I am working on a project that uses LLM to pull certain pieces of information fr...

systemerror · 2025-08-21T16:55:53 1755795353

The big issue with LLMs is that they’re usually right — like 90% of the time — but that last 10% is tough to fix. A 10% failure rate might sound small, but at scale, it's significant — especially when it includes false positives. You end up either having to live with some bad results, build something to automatically catch mistakes, or have a person double-check everything if you want to bring that error rate down.

f3b5 · 2025-08-21T18:01:26 1755799286

Depending on the use case, a 10% failure rate can be quite acceptable.
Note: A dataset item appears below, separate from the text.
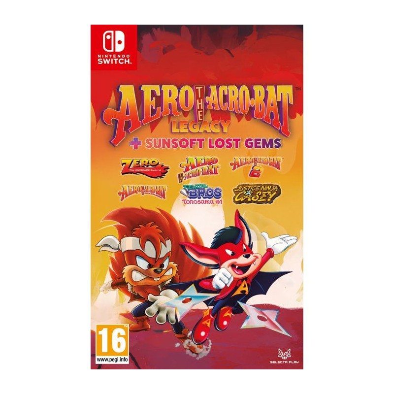 6 pépites rétro SUNSOFT réunies dans une compilation incontournable Aero The Acro-Bat Legacy + Sunsoft Lost Gems rassemble six titres emblématiques, avec un point commun : de l'action arcade a l'ancienne, du pixel-art et des aventures survitaminées. Au programme : la saga Aero The Acro-Bat, un remake modernisé, un jeu de plateforme ninja, un beat'em up et des raretés enfin accessibles. La compilation contient les 6 jeux suivants : - Zero The Kamikaze Squirrel - Aero The Acro-Bat 1 - Aero The Acro-Bat 2 - Rascal Rival Revenge - Feudal Bros (Tonosama #1) - Justice Ninja Casey Zero The Kamikaze Squirrel Alors qu'il travaille pour le machiavélique Edgar Ektor, Zero reçoit une lettre : sa foret est en danger et le pere de sa petite amie a été kidnappé. Il part sans permission... et Edgar n'a pas l'intention de le laisser filer. - 15 niveaux d'action ninja intense (dont certains avec des attractions). - Maîtrisez les compétences de combat de Zero et affrontez de redoutables boss. - Choisissez entre la version anglaise et la version japonaise. Aero The Acro-Bat 1 Edgar Ektor veut détruire le monde du spectacle. Il envahit un cirque, kidnappe le personnel... et c'est a Aero, la vedette acrobate, de sauver ses amis et sa petite amie Ariel. - 4 zones de 5 niveaux chacune (dont certains avec des attractions). - Utilisez les talents acrobatiques d'Aero pour accomplir les objectifs et progresser. - Choisissez entre la version anglaise et la version japonaise. Aero The Acro-Bat 2 Apres avoir contrecarré Edgar Ektor, Aero explore un musée de l'horreur... et se retrouve aspiré dans un lieu mystérieux. Edgar a survécu, et le « plan B » est en marche. - 8 zones de 3 niveaux chacune (dont certains avec des attractions). - Surmontez des obstacles mortels et affrontez d'étranges ennemis. - Choisissez entre la version anglaise et la version japonaise. Rascal Rival Revenge Un remake du classique, avec des améliorations visuelles et de gameplay, et une nouvel

This is of course for non-critical applications, like e.g. top-of-funnel sales automation. In practice, for simple uses like labeling data at scale, I'm actually reaching 95-99% accuracy in my startup.

spogbiper · 2025-08-21T16:59:18 1755795558

yes, the entire design relies on a human to check everything. basically it presents what it thinks should be done, and why. the human then agrees or does not. much work is put into streamlining this but ultimately its still human controlled

wredcoll · 2025-08-21T17:05:35 1755795935

At the risk of being obvious, this seems set up for failure in the same way expecting a human to catch an automated car's mistakes is. Although I assume mistakes here probably don't matter very much.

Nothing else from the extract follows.